Equation system involving InverseDigamma(Digamma(a+1)-b*k)-1

[rabbed]

How would one go about solving this for a and b given N, E and K?

n(0) + n(1) + … + n(K) = N
n(0)*0 + n(1)*1 + … + n(K)*K = E

Where n(k) = InverseDigamma(Digamma(a+1)-b*k)-1

 

[jedishrfu]

I think it would have to be done numerically using Python, Matlab, or Mathematica.

Mathematica has a digamma function:

https://mathworld.wolfram.com/DigammaFunction.html

and Matlab has a digamma function:

https://www.mathworks.com/help/matlab/ref/psi.html

and Python has a version of the digamma function:

https://docs.scipy.org/doc/scipy/reference/generated/scipy.special.digamma.html

Here's some pseudo code to search for the best A, B values across a range of A, B values. It's not the fastest or the best way, and the pseudo-code needs to be written in either Python, Matlab, or Mathematica to find the answer you're looking for.

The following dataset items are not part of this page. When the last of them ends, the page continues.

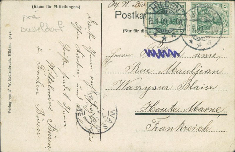 Alte Ansichtskarte aus Hilden, gelaufen am 16.01.1909.
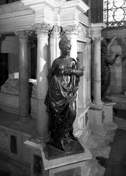 Tombeau d'Henri II et de Catherine de Médicis : statue d'angle en bronze : vertu cardinale
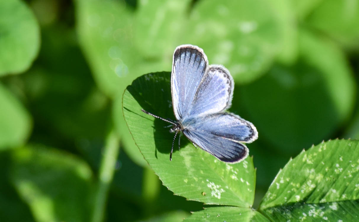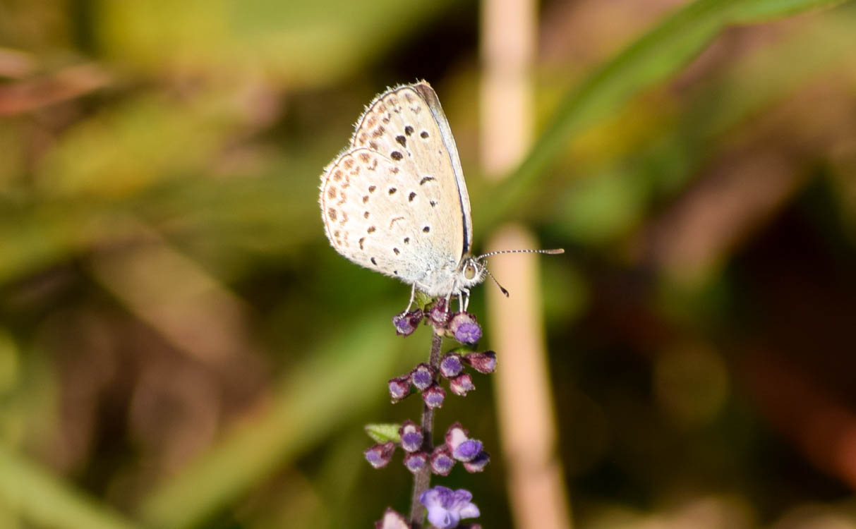 とても小さいチョウなので、普段はほとんど気にもとめていなかったかもしれませんが、止まっている時は翅を半開きにしていることが多く、開いた時の薄い紫色の翅はとてもきれいですよ。

Also, the means of determining closeness could be better implemented with perhaps some other distance measurement more suited to this search.

given N , E , K

A = 0
B = 0

NDIFF= max_float_value
EDIFF = max_float_value

for a in range(a_min,a_max,a_step)

    for b in range(b_min,b_max,b_step)

        for k = 0 to K:

            X = (a+1)-b*k
            NK = inverse_digamma(digamma(X))
            N2 = N2 + NK
            E2 = E2 +k*NK

        if ((N2-N)^2+(E2-E)^2) < (NDIFF^2+EDIFF^2):
            NDIFF = (N2 - N)
            EDIFF = (E2 - E)
            A = a
            B = b

print "NDIFF = " NDIFF
print "EDIFF = " EDIFF
print "A = ". A, "  B = ", B

 

[rabbed]

Thanks, i'll try that.
If anyone has ideas for an analytic solution, just shoot :)